Mortgage rates were under pressure this week as the 3.50% Coupon Bond closed just beneath support at the 50-Day Moving Average. The Treasury auctioned $16B in 30-Year Bonds on Thursday and the results were miserable. Gyrations in the stock market due to Eurozone concerns made for no shortage of volatility in the Bond Market. The 3.50% Coupon hit a weekly high of 102.56 and a low of 101.31 and settled at 101.59 down 16 basis points.
All things considered the Bond Market held up relatively well and headed into the weekend on a positive note. Hence, my recommendation to float, not lock rates at this time, but be prepared to move quickly.
“When The Moon Hits Your Eye Like A Big Pizza Pie That’s A Bailout”

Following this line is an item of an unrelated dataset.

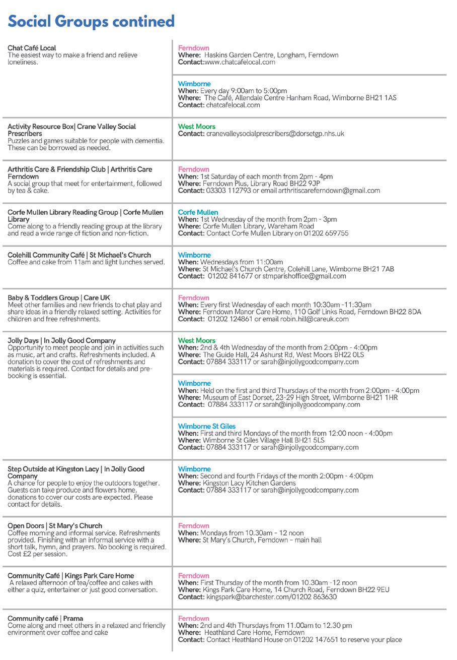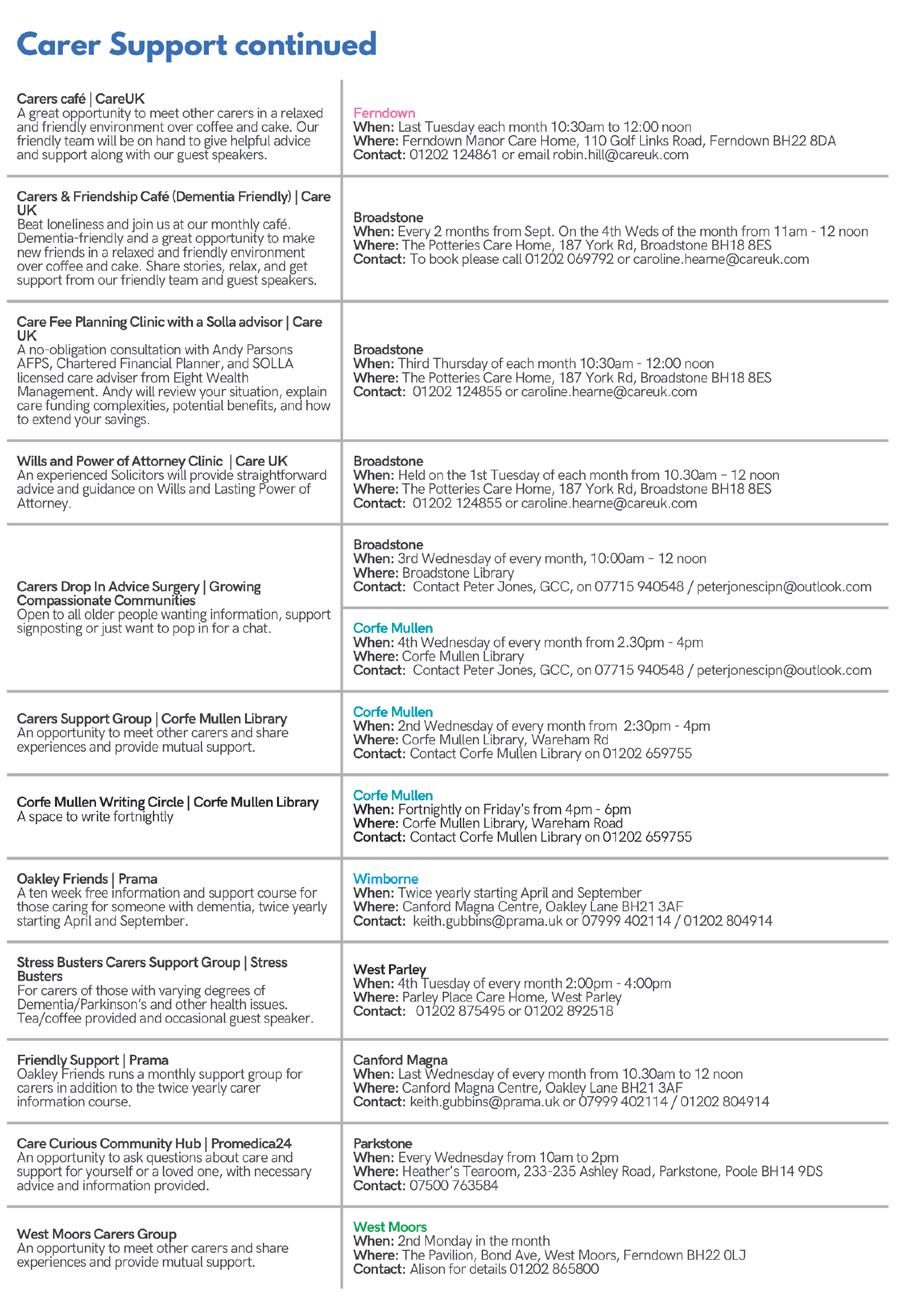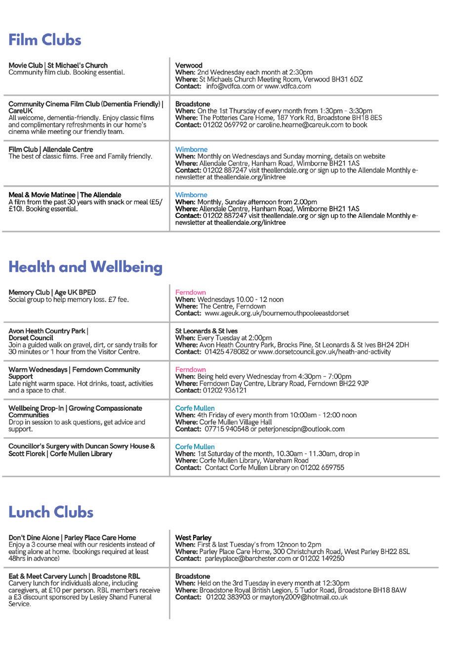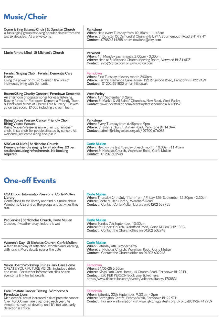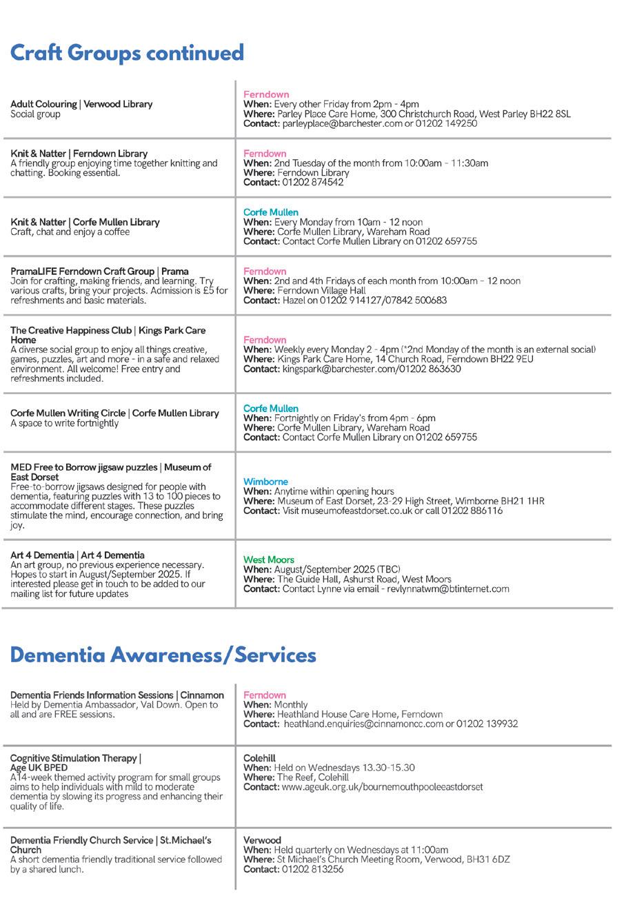 West Moors Dementia Action Group 01425 477470 Lynne Morris/lynnemorrislp@btinternet.com

Italy’s problems are not as dire as Greece, but they are a larger country and the seventh largest economy in the world. Their debt crisis will be much harder to contain. Italy’s 2, 5 and 10-year Notes were Yielding 7% at their peak this week. A dangerous record high. Yields have risen because the concern is Italy won’t get out of this mess without international assistance. Slimy Silvio Berlusconi looks to be stepping down and the country is looking to form a new government around Mario Monti the European Unio Competition Commissioner. This is a positive as it demonstrates Italy’s understanding that they must move quickly to save their economy.
Hopefully, our elected officials and the Fed are learning something from this. Like, STOP SPENDING MONEY WE DON”T HAVE!
Economic News
Initial Jobless Claims were reported at 390,000, better than expectations and below the important psycological 400,000 number.
Consumer Sentiment Better than expected in September, Reuters/U of Michigan index at 64.2.